Open claus-zinn opened 7 years ago
I see the following potential problems:
We assume the repositories should be able to send multiple inputs to the Switchboard. Should we allow mimetype/language be specified for each of the inputs? This implies changing the Switchboard API.
Should the Switchboard allow the user somehow to get one input from one repository and another input from another repository?
Should the user be allowed to add their own input to another one that comes from a repository, making a multiple input from a single input? What's the new UI complexity?
The service API must also be changed, tools must be allowed to describe multiple inputs.
If we'll ever get batch processing, how would it work with multiple inputs? Is a tool that supports batched processing the same thing as a tool that takes an unlimited number of inputs of the same type?
The possibility for multiple inputs is also something that CLAM supports.

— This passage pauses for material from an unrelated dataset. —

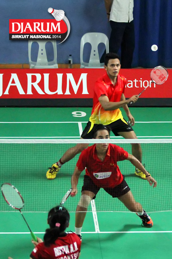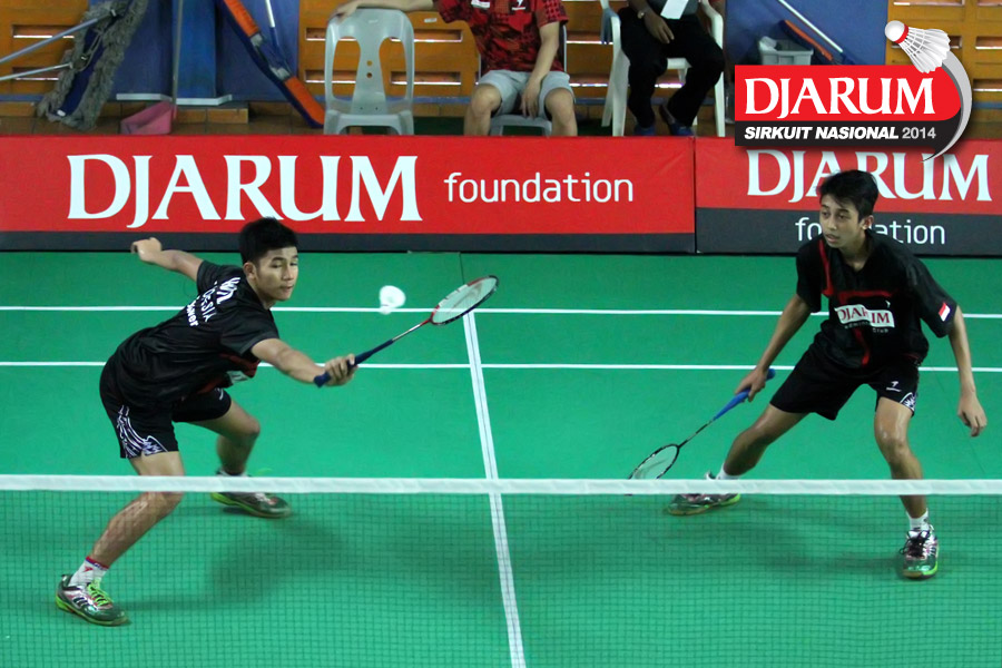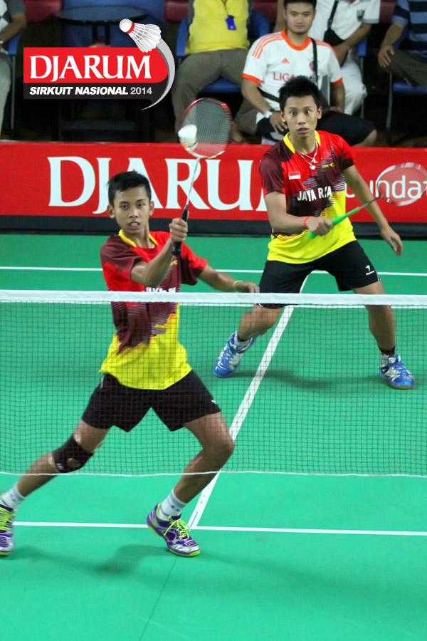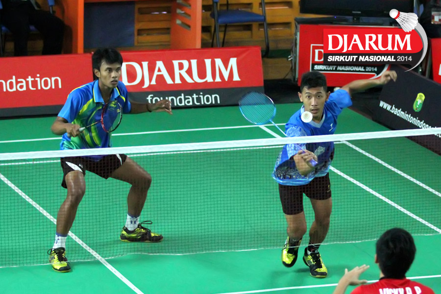 Akbar Gusti/Ardy Nugroho (PB Djarum) menghadang serangan bertubi-tubi yang dilepaskan pasangan Amri Syahnawi/Riyan Tri (SKO Ragunan).

So currently not all CLAM services would be expressible for the switchboard, only the simpler ones.
The CLAM webservice specification is accordingly expressive to accommodate this (multiple input templates) and may provide some inspiration if you guys want to go this way, though larger initiatives such as openapis.org may also be worth checking out and can offer the same.
If we'll ever get batch processing, how would it work with multiple inputs? Is a tool that supports batched processing the same thing as a tool that takes an unlimited number of inputs of the same type?
I'd say, if the 'unlimited' number of inputs is specified in a single invocation, then that would indeed be a tool that supports batch processing. CLAM does that.
When it comes to multiple inputs, a distinction should also be made between multiple inputs at the same time (which is mostly what this issue is about), and multiple independent routes through a webservice (which is also addressed in #65).
To be considered in #4
Voyant seems to support uploading multiple files through repeated input
parameters to create a multi-file corpus.
Example:
Note: we also send the media type as a parameter, which may or may not be possible for multiple inputs; in any case, it doesn't appear to be mandatory (see example above)
There are tools that require more than a single resource, e.g., tools that align audio with text, see
curl -v -X POST -H 'content-type: multipart/form-data' -F LANGUAGE=deu-DE -F TEXT=@<filename> -F SIGNAL=@<filename> 'https://clarin.phonetik.uni-muenchen.de/BASWebServices/services/runMAUSBasic'
In the LRS standalone version, the UI must allow users to upload two (or more) files. The matcher algorithm must be extended to cope with the additional complexity.
The issue is more complex from the VLO perspective. For the time being, only a single file can be transferred to the LRS (but this could be an archive containing the files). Any solution must take the batch processing issue into account.